Accurate and Robust Generative Approach for Overcoming Data Sparsity and Imbalance in Landslide Modeling with A Tabular Foundation Model

arXiv cs.LG / 4/29/2026

📰 NewsIdeas & Deep AnalysisModels & Research

Key Points

  • The paper addresses how landslide studies suffer from sparse and imbalanced inventories, which hampers understanding of triggering conditions and failure mechanisms.
  • It proposes generating multi-feature landslide datasets using a tabular foundation model to better capture multivariate dependencies and statistical properties from limited observations.
  • The approach is designed to be more accurate and robust than prior landslide data generation methods, especially when multiple factors interact across scenarios.
  • Experiments across 20 landslide inventories show the generated data match observed distributions, preserve realistic feature relationships, and remain robust across different environmental contexts.
  • The authors argue the method can strengthen landslide susceptibility modeling and risk assessment when observational data are limited.

Abstract

Landslide investigation relies on sufficient and well-balanced observational data influenced by geological, hydrological, and anthropogenic factors. Available landslide inventories are often sparse and imbalanced, which limits understanding of triggering conditions and failure mechanisms. Data generation provides an effective approach to help capture feature dependencies from limited landslide observations. However, existing generation approaches for landslides often struggle to capture complex relationships among features and lack robustness across multiple scenarios and interacting factors.

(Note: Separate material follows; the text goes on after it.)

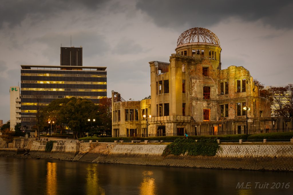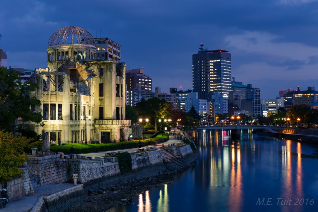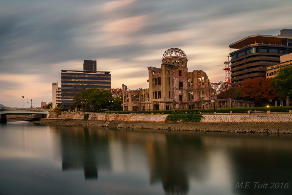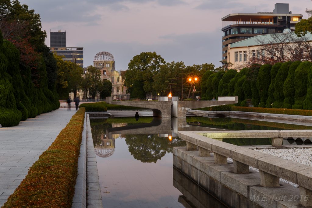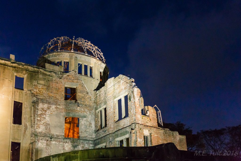 Er waren slechts een aantal gebouwen dat overeind blijf tijdens de bom, en de a-bomb dome is er eentje van. Dit gebouw hebben ze niet gesloopt, en het maakt nu deel uit van het vredespark. Hier heb ik met de schemering nog wat rondgelopen om foto’s te maken, waarna ik via een restaurant weer terug kwam bij het hotel.

Here, we propose an accurate and robust approach for generating multi-feature landslide datasets by utilizing a tabular foundation model. By leveraging the capacity to learn from limited observations, the proposed approach effectively preserves the multivariate dependencies and statistical characteristics inherent in landslide occurrences. Comparative experiments on 20 landslide inventories demonstrate that the generated datasets closely align with observed distributions, maintain realistic feature dependencies, and exhibit robustness across different environmental contexts. This work provides an effective approach to overcome data sparsity and imbalance and strengthens landslide susceptibility modeling and risk assessment under limited observations.